By Scott St. Clair | The Save Jersey Blog
This is PART FIVE of a multi-part series on an important topic, Save Jerseyans.
Who are the Anti-Vaxxers?
Anti-vaxxers tend to be younger adults who weren’t around in the pre-vaccine “good old days.” The Washington Post described them as “young Americans who only really know a country where measles almost never occurred.”
Many of them grew up watching sit-coms where getting the measles was laughable, and they think we’re living in an episode of “The Brady Bunch.”
The anti-vaccination movement is fueled by an over-privileged group of rich people grouped together who swear they won’t put any chemicals in their kids (food or vaccines or whatever else), either because it’s trendy to be all-natural or they don’t understand or accept the science of vaccinations. Their science denying has been propelled further by celebrities…

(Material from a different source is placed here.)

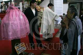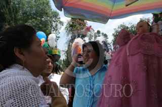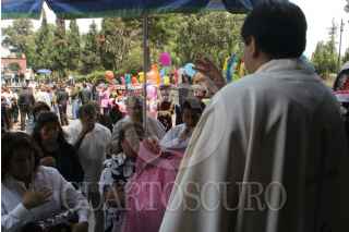 MÉXICO, D.F., 23MAYO2009.- En la delegación de Xochimilco, decenas de personas salieron a las calles al recorrido que se realizó al templo y ex convento San Bernardino, donde se llevo a cabo una misa al ¨Niñopa¨, la cual se había suspendido debido a la epidemia de influenza. Cabe mencionar que esta es una tradición que lleva más de 430 años entre los pueblos y barrios de esta demarcación. FOTO: ENRIQUE ORDÓÑEZ/CUARTOSCURO.COM

According to a survey conducted by the Pew Charitable Trust, mistrust of vaccines is confined mostly to those between the ages of 18-29, and then only 15 percent of them qualify.
Overall, an overwhelming majority – 83 percent – of those polled believe vaccines are safe, while a scant 9 percent believe they’re unsafe, but that 9 percent is doing a good job of throwing a monkey wrench into the works.
Although I’m not afraid of measles, I acknowledge that for some it could be problematic and don’t necessarily want (my unvaccinated child) to be a/the “typhoid mary” (sic) and contract and spread the disease via airports, airplane rides, etc.
But she’s rare since, according to medical experts, typical anti-vaxxer arguments are hollow, often laden with invective and filled with Wakefield’s pseudo-science. Anti-vaxxers uncritically embrace debunked theories, flat-earth thinking and postings on spurious websites. The more data or factual information presented to them, the more they cling to the anti-vaxxer party line.
For every anti-vaxxer doctor who claims vaccines are dangerous or unnecessary – with those opinions sometimes based more on a gut feeling than hard evidence – there are over nine who say they’re vital and that the failure to get them is responsible for the Disneyland outbreak.
Dr. James Cherry, a specialist in infectious diseases at the University of California, Los Angeles, was quoted in The New York Times describing anti-vaxxers as “some pretty dumb people.”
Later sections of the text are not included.